Rovings of continuous sized strands may be used in some
applications (e.g., in long-fiber thermoplastics) or the rovings
may be commingled and may be later chopped to a desired length.
Fiber-reinforced composites using continuous glass fibers may have
higher mechanical strength in the final composite than with chopped
fibers. Composites using continuous fibers and reactive resins can
reach glass fiber weight percentages of around 90 wt. %.
[0031] Some embodiments of glass fibers according to the present
invention may be particularly suited for reinforcing polyamide
resins. Polyamide resins reinforced with glass fibers in accordance
with the invention may include Nylon 6, Nylon 6:6, Nylon 6:12,
Nylon 4:6, Nylon 6:10, Nylon 12, polyamide 6T (polyhexamethylene
terephthalamide), polyamide 6I (polyhexamethylene isophthalamide)

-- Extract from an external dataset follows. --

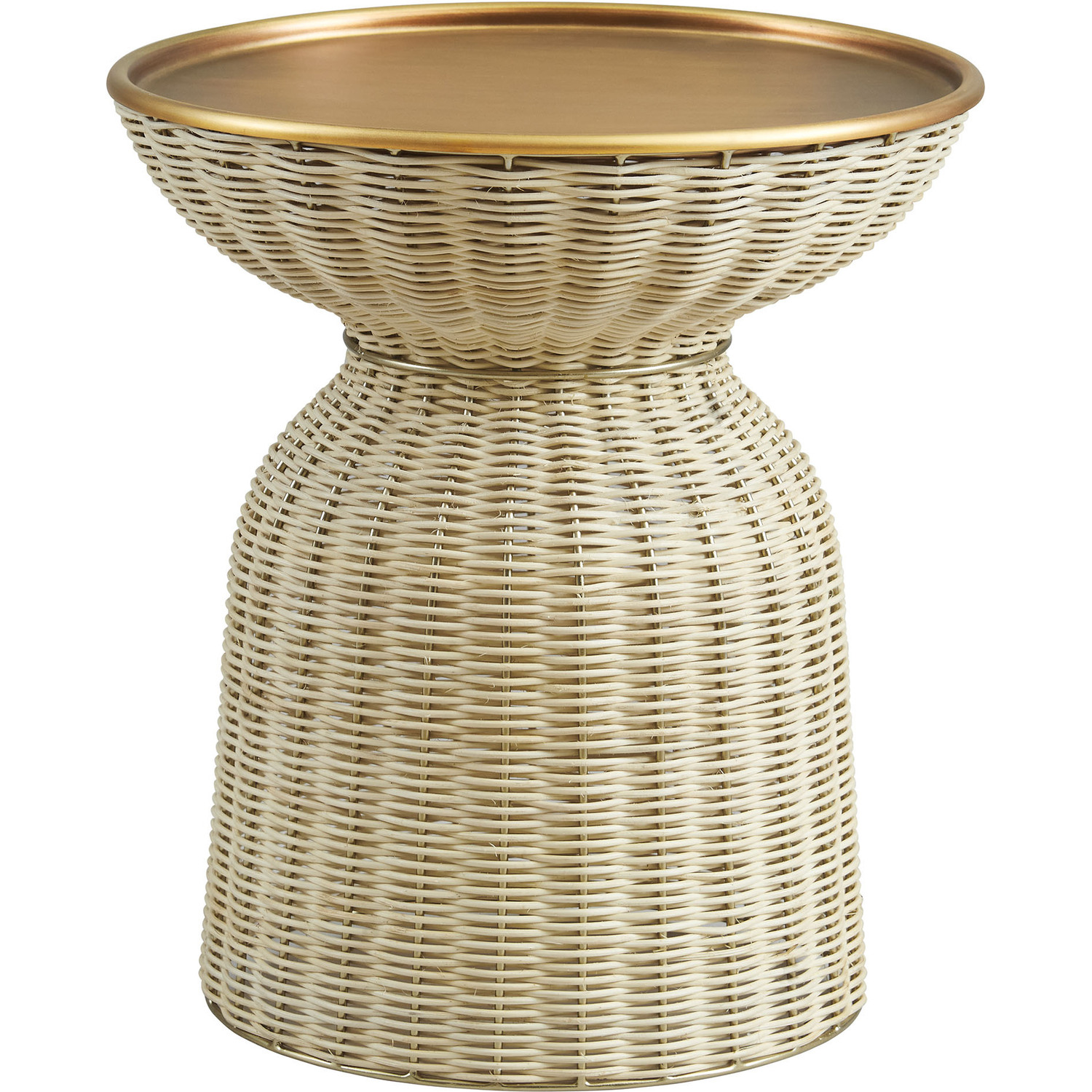 Blending natural textures with modern versatility, the Lazaro Side Table is a stylish and functional accent piece for any space. This round rattan side table features an intricate handwoven base with a sculptural hourglass silhouette, adding a touch of organic beauty to boho, coastal, or eclectic interiors. The metal tabletop has a warm finish with a raised lip, offering both style and practicality for holding drinks, books, or decorative pieces. Designed with convenience in mind, the removable tray top on this versatile end table allows for easy serving or styling. Whether used as a bedside table, accent table, or indoor plant stand, this woven rattan table makes a statement while keeping your space effortlessly chic. Weight Capacity: 75 lbs.17-Inch Round Rattan Side Table

or mixtures thereof. In one embodiment, the A moiety of the
coupling activator compound in formula I above may include a
blocked precursor of the active activator moiety, e.g., a blocked
isocyanate. In this embodiment, the precursor compound may be
coated on the glass substrate and the active form of the activator
may be generated in situ on the surface of a glass substrate when
exposed to unblocking conditions. Non-limiting examples of glass
fibers suitable for use in the present invention can include those
prepared from fibersable glass compositions, such as "E-glass`,
"A-glass", "C-glass", "S-glass", "ECR-glass" (corrosion resistant
glass), "T-glass", and fluorine and/or boron-free derivatives
thereof.
[0032] Examples of other fibers include ceramic fibers (e.g.,
aluminum oxide, silicon carbide, silicon nitride, silicon carbide,
basalt), carbon fibers (e.g., graphite, semi-crystalline carbon,
carbon nanotubes), metal fibers (e.g., aluminum, steel, tungsten),
and polymer fibers (e.g., aramid). The fibers may be arranged as a
mono-axial and/or multi-axial, woven and/or non-woven, continuous
and/or chopped strand mat. The mats may have multiple sections with
different weave styles, as well as combinations of woven and
non-woven sections. In addition, the mats may have regions where
fibers are incorporated, for example to allow better wet out and
resin penetration in a preselected part or parts of the composite
article.
[0033] The resin may have a monomer, a catalyst, and an activator
compound capable of initiating a polymerization of the monomer. The
monomer may be a lactam or lactone having 3-12 carbon atoms in the
main ring, such as caprolactam and caprolactone. The catalyst in
the resin may include a salt of lactam, and the salt may be an
alkali metal salt or an alkali-earth metal salt. The polymerization
catalyst may be an alkali metal salt of the lactam or lactone
monomer, such as sodium caprolactam and sodium caprolactone.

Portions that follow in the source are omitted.